The seemingly overnight transformation of the U.S. and North American oil and natural gas gusher into a global supply source has upended many of the long-held assumptions about the American energy industry. This is particularly true for natural gas storage, alternately viewed as an unnecessary anachronism or an indispensable tool for the United States to emerge as a new net energy exporter.
If gas storage is to be a hedge that distinguishes the U.S. natural gas market, the industry and regulators eventually need to resolve whether storage is going to be parceled out by market- or cost-based rates. Traditionally, U.S. pipeline-owned storage has been sold on a cost-based basis; the role of storage in a United States that becomes a gas and oil exporter is still evolving.

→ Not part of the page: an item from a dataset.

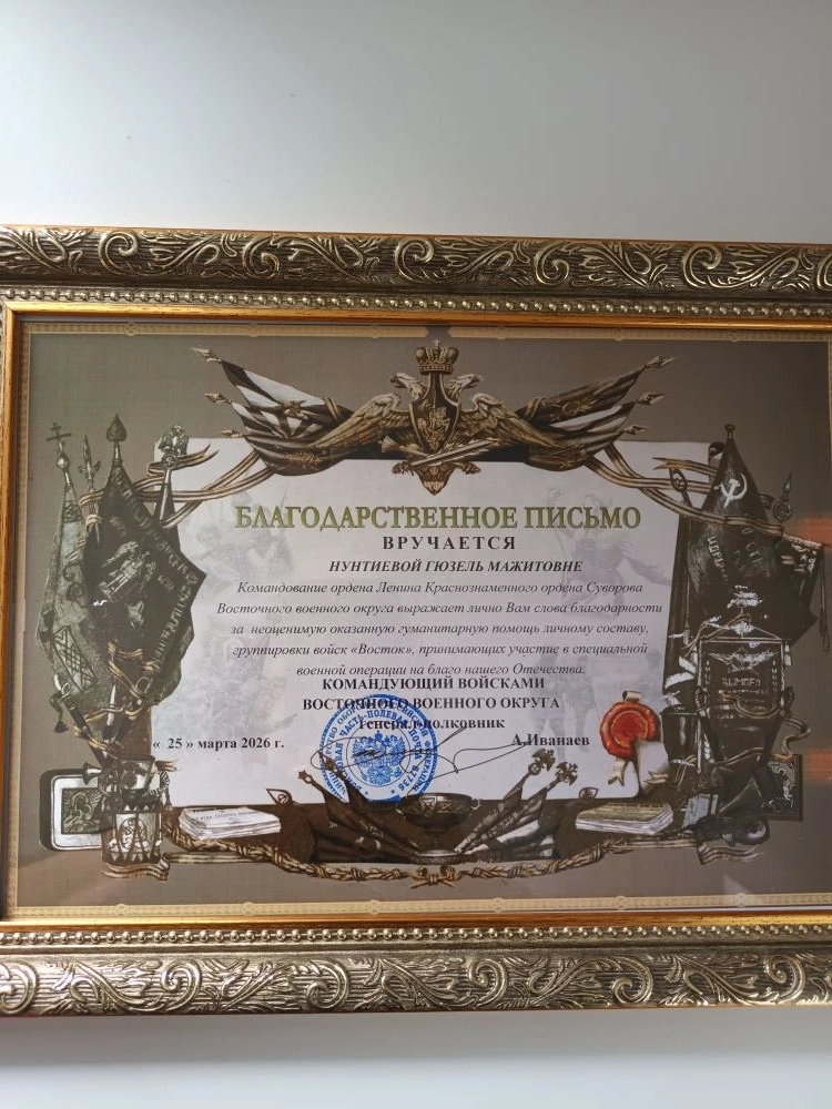 Недавно командование группировки войск «Восток» отметило заслуги жительницы нашего района Гузель Мажитовны Нунтиевой, лидера волонтёрского движения «Варфоломеевцы и Другие…». Ей вручили Благодарственное письмо и медаль «За содействие СВО» «…за неоценимую оказанную гуманитарную помощь личному составу группировки войск «Восток», принимающих участие в специальной военной операции на благо нашего Отечества".Напоминаем, что с момента основания группы, 4 февраля 2023 года, активисты собрали внушительную сумму — 7643466 рублей (без учета текущих сборов). Все собранные средства идут на реализацию заявок наших бойцов СВО.

In an updated long-range study of North American midstream energy infrastructure needs through 2035, the Interstate Natural Gas Association of America’s (INGAA) Foundation concluded that about $1 billion annually must be invested in new gas, oil and natural gas liquids (NGL) storage. This is a small percentage of the $30 billion a year the study concluded would be needed for all new energy infrastructure over the same period.
“Like pipelines, storage is developed in response to market demand – someone willing to enter a long-term firm contract to backstop the [pipe] development,” said INGAA Washington, DC-based spokesperson Cathy Landry. “Market-based rates are possible, but there is a much higher bar for FERC [Federal Energy Regulatory Commission] to approve them. Even for independent storage for which market-based rates are easier to get, one must assume that the market will reward the long-term commitment of capital.”

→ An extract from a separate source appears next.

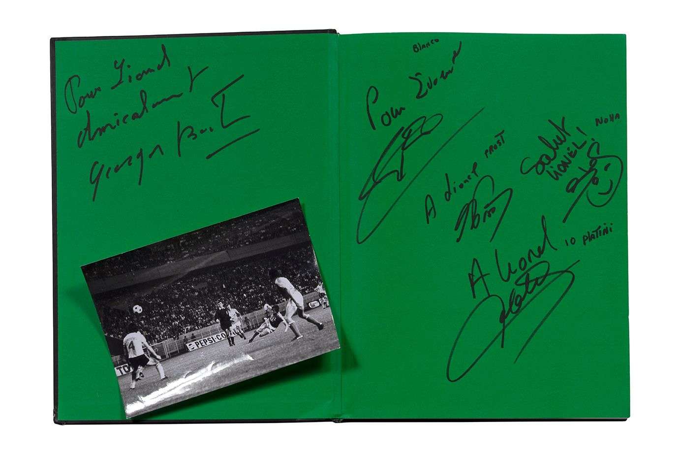 Signé par l'ensemble de l'équipe des verts de 76. S'y ajoute un livre de l'histoire des verts avec la signature de chaque joueur sur les pages concernées ainsi qu'une photographie de presse d'une repri

That is what executives at NW Natural, the holding company for Oregon’s largest gas utility, have been expecting to happen over the past few years as they struggle to make a profit with their joint venture merchant storage project in Northern California, Gill Ranch.
Despite low seasonal price spreads in 2014, NW Natural’s Chief Operating Officer David Anderson indicated during a quarterly earnings call last August he remained bullish on storage, which he oversees at the Portland-based holding company. With continuing abundant gas supplies in California, “it is a buyers’ market” for storage, said Anderson, noting a $1.2 million net loss for NW’s storage in the second quarter of 2014. “It is still a very low storage market overall.”

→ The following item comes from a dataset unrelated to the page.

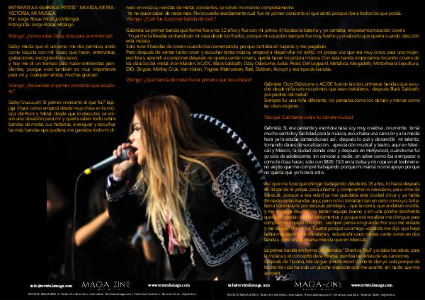 Gabriela: Ozzy Osbourne y AC / DC fueron las dos primeras bandas que escuché desde niña con mis primos que eran metaleros, después Black Sabbath; ¡ los padres del metal!. Siempre fui una niña diferente, no pensaba como los demás y menos como las otras mujeres.

Not mincing words, Anderson told financial analysts in late summer 2014 that the 15 Bcf capacity Gill Ranch Storage facility in which it partners with Pacific Gas and Electric Co. continues to struggle, incurring added power costs related to stepped-up injections and $1 million in repair and maintenance charges in 2014.
“It is a difficult storage market right now,” Anderson told the quarterly earning conference call audience. “We’re trying to make the best of it. Most of our contracts are short-term in nature, reflecting the very low prices.”
Even with the extreme draw on natural gas storage in the most recent winter (2013-14), gas industry insiders outline a “conventional wisdom” that sees the ongoing shale revolution as diminishing incentives to develop new storage in North America. Much of the seasonal volatility has been wrung out of the market, they say, cutting down on the opportunities for market players to arbitrage storage.
However, some question whether the experience of the past winter will cause a reassessment of this conventional thinking.
One veteran who doesn’t agree that robust shale supplies have made storage obsolete is John Hopper, co-founder, board member and former president/CEO of Peregrine Midstream Partners and earlier Falcon Gas Storage Co. Hopper thinks the storage business is still “all about fundamentals” – price volatility and forward curves for natural gas prices and price differentials. He admits those differentials have compressed with the shale boom.
“It is because the market perceives we have all the gas we need that volatility has been dampened, along with the differential compression, and neither of these situations provides a market for gas storage,” he says.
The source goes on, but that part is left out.